N’Djamena : le procès d’un vigile accusé de détournement de mineure s’ouvre sur fond de contestations
Le procès d'un vigile accusé de détournement de mineure à N'Djamena soulève des questions sur la validité des preuves et les procédures judiciaires. La défense conteste vigoureusement les charges et demande l'audition de la victime.
Par Temandang Gontran
Le 2 juillet 2026, le Tribunal de Grande Instance de N'Djamena a ouvert le procès d'un vigile poursuivi pour détournement de mineure. Alors que le ministère public requiert une condamnation, la défense dénonce une procédure entachée d'irrégularités et une absence totale de preuves matérielles.
Le prévenu, agent de sécurité devant une école privée dans le 6e arrondissement de la capitale, est accusé d'avoir entretenu une relation avec une mineure de 13 ans. L'affaire a été portée devant la justice après le 8 mars 2026 : ce soir-là, rentrée à 23 heures, la jeune fille aurait, sous la pression de ses parents, avoué avoir fréquenté le domicile du prévenu. Une plainte a été déposée dans la foulée.
Lors de l'audience, le procureur a maintenu les charges contre l'accusé, demandant au tribunal de le déclarer coupable des faits de détournement de mineure selon l'article 318 du code pénal tchadien tels que décrits dans le dossier d'accusation.
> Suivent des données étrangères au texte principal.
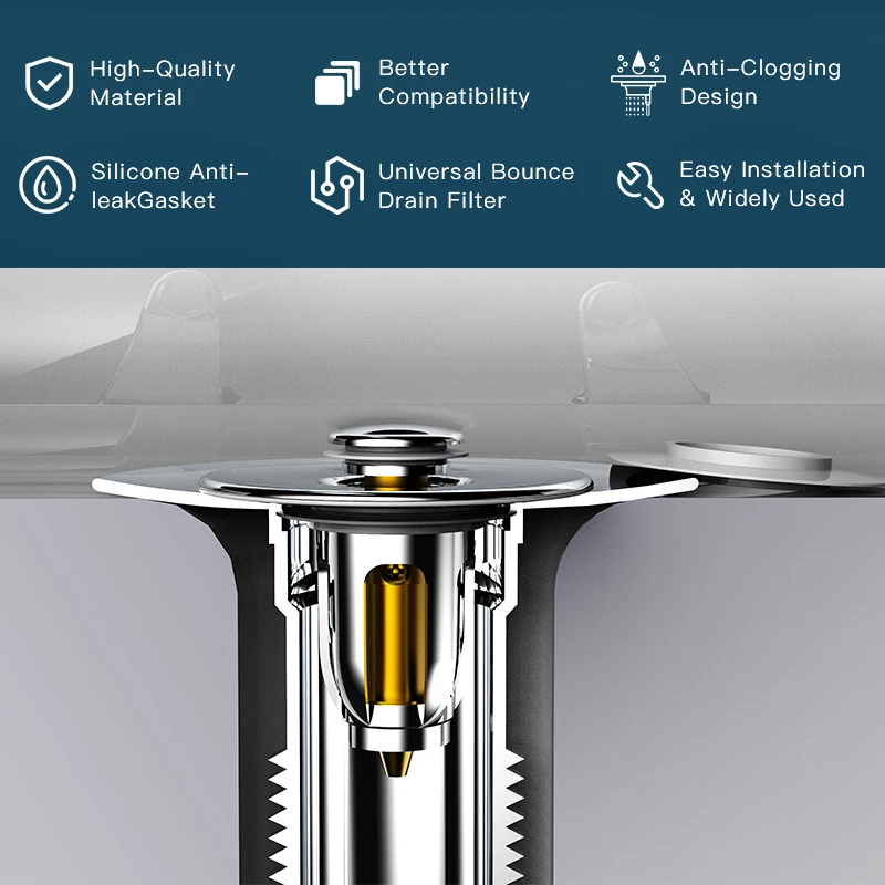 Подходит для 99% раковин для ванной комнаты с сливными отверстиями 1,02-1,96 дюйма. Независимо от того, какой умывальник, сливы для раковины в ванной или сливы для душевой ванны, он может работать со всеми.

Les avocats du prévenu ont vigoureusement plaidé la relaxe, soulevant plusieurs points, notamment l'absence de matérialité des faits. La défense a rappelé que l'examen médico-légal pratiqué sur la victime a conclu à l'intégrité physique de la jeune fille, contredisant ainsi l'idée d'un acte sexuel. Ils ont appuyé leur argument avec l'article 289 du code pénal tchadien qui définit le détournement de mineurs, selon eux les éléments ne sont pas constitués pour déclarer la culpabilité de leur client. Dans le procès-verbal, il a été mentionné que la victime aurait été détournée sur le chemin de l'école, alors les avocats du prévenu ont démontré que ce jour il n'y avait pas cours.
La défense a dénoncé une garde à vue prolongée de 10 jours, qualifiée d'illégalité, au regard des délais de détention prévus par la loi. Les conseils du prévenu ont déploré l'absence de l'audition de la victime par le tribunal. Ils ont souligné que les parents, seuls plaignants, ne se sont présentés qu’une seule fois à l'audience, sans pour autant apporter de preuves tangibles, avant de cesser toute collaboration avec la procédure.
Les avocats soutiennent que la jeune fille aurait été instrumentalisée par ses parents, qualifiant les accusations de manœuvres infondées.
Face à ce qu'elle considère comme un dossier vide, la défense a formellement requis l'audition de la mineure, estimant que son témoignage est indispensable à la manifestation de la vérité. Le tribunal devra désormais déterminer si les éléments apportés par le ministère public suffisent à établir la culpabilité du prévenu, malgré les zones d'ombre soulevées par la défense.
Cela a créé du brouhaha dans la salle, les personnes venues assister au procès, ont commencé à murmurer, soulignant que certains parents ont tendance à utiliser leur enfant pour régler les affaires du quartier.
Le prévenu a été reconduit à la maison d'arrêt de Klessoum pour la suite de l'affaire.